= Ellen Joy Todd =

Australian feminist journalist (1860–1948)

Ellen Joy Todd ' (16 May 1860 – 24 February 1948) was an Australian feminist, journalist and editor best known as a contributor to The Dawn and other feminist publications as well as being the founding editor of the Women's Budget, a women's magazine.

== Biography==

Todd was born at the Woolwich Arsenal in Greenwich and was the daughter of a captain of the Royal Artillery, Andrew Orr and wife wife Lucy Erskine. Her father died when she was only 10 years old, in 1870, and her mother and siblings moved in with her grandfather, an Anglican clergyman, and where educated at home and learned to speak Italian.

On 14 June 1887 Todd married Robert Henry Todd, who went on to become a medical administrator, and after their wedding they sailed together to Sydney where he worked as a doctor. In Sydney Todd founded the Ladies' Club in 1889. Soon after, also in 1889, the pair moved to Maclean in the Northern Rivers region of New South Wales where she became secretary of the local St John Ambulance Association.

Todd and her husband would return to Sydney in 1892 where she began working as a journalist and made contributions to various publications including The Dawn, a feminist magazine, which was then led by Louisa Lawson with whom she became good friends. In the Dawn she wrote under the names EJ Todd or Mrs RH Todd and regularly shared poetry and short stories. Todd would also report back on talks she had either attended or given.

She then joined the staff of the Australian Town and Country Journal where she primarily wrote book, theatre and music reviews as well as social notes.

In 1906 she became the founding editor of a weekly magazine, the Women's Budget, which was published by Samuel Bennett's company, and it claimed to be "written by women for women". The magazine featured the expected content of a women's magazine, including cooking, dressmaking and fashion, but also included more general content. In 1917, while editor, Todd published "Rhymes at Random" as a charity fundraiser for the War Chest during World War I.
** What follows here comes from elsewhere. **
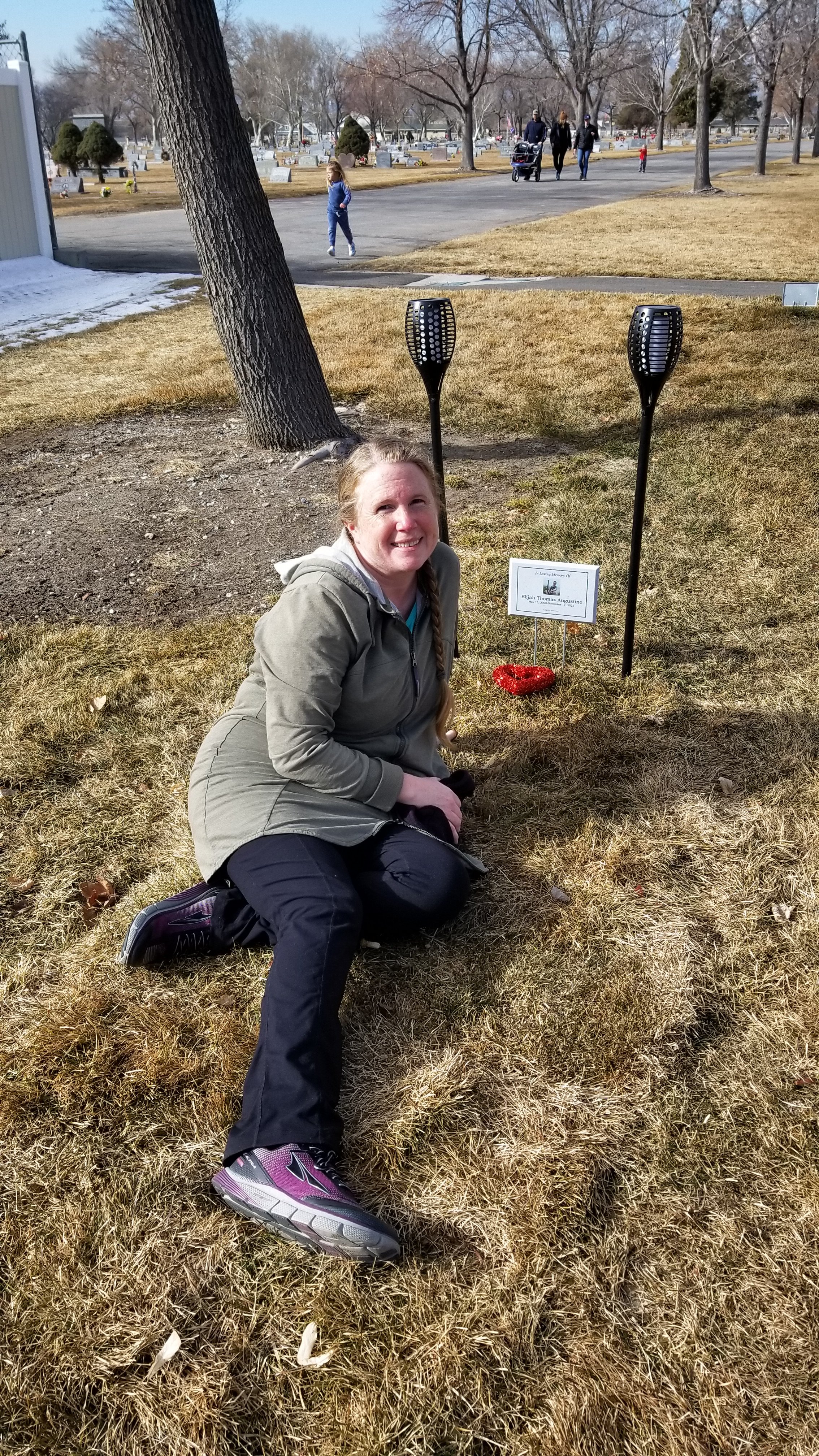 I walked with my friend to the cemetery today. We brought a hook to hang one of the Valentines that someone had left on Eli’s grave. Adam and I had discovered it several days ago when we had driven by.
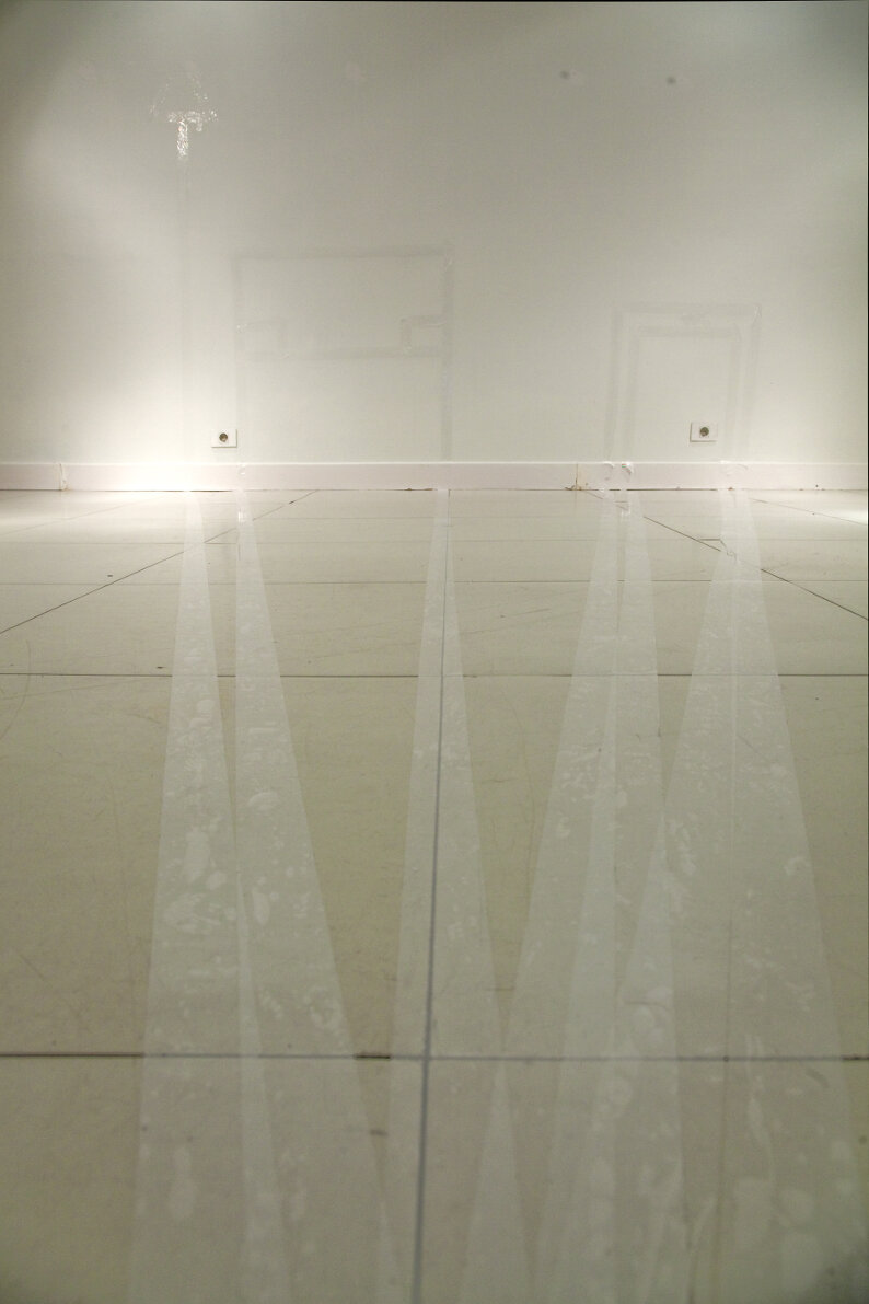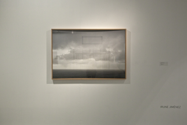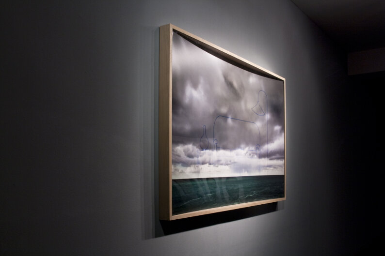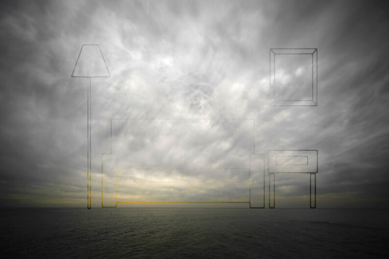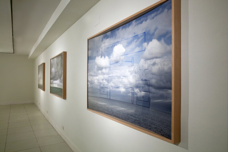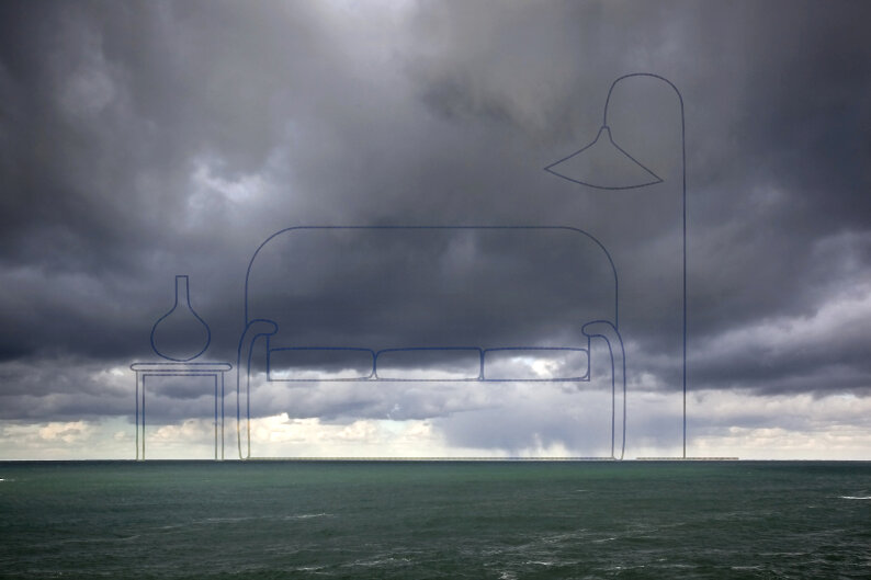 This work of 2011 links two different realities, the one we see in the real world and the one we see through the screen. We understand the things that are around us through these two realities, and both are part of our life experience, whose limits or frontiers are diffuse. All this is made with the union of two different representations; one is taken from a real scene of a sea horizon and the other is the Picture of that image taken from a TV screen. The pictures taken directly from the TV screen has a very particular texture and colour which is overlayed on the other and is cut with the silhouette drawing of house furnitures.

Todd remained in this role until 1923 and which point the circulation was estimated at 150,000 people each week and a later editor, from 1930 to 1936, was Constance Robertson. This magazine was a predecessor of The Australian Women's Weekly, which was launched in 1933, and became one of its main competitors.

During her career Todd became good friends with Alexina Maude Wildman.

Todd's husband, Robert, died in 1931 and, from 1933 until 1940, she contributed to the Empire Gazette which was edited by Adela Pankhurst. In 1938 she also published her memoirs "Looking Back" in which she shared anecdotes of her life in Sydney and her interactions with "society people" as well as artists and other people of note; she also spoke about her earlier life, travel to Australia and time in Mclean.

Todd died on 24 February 1948 in Double Bay.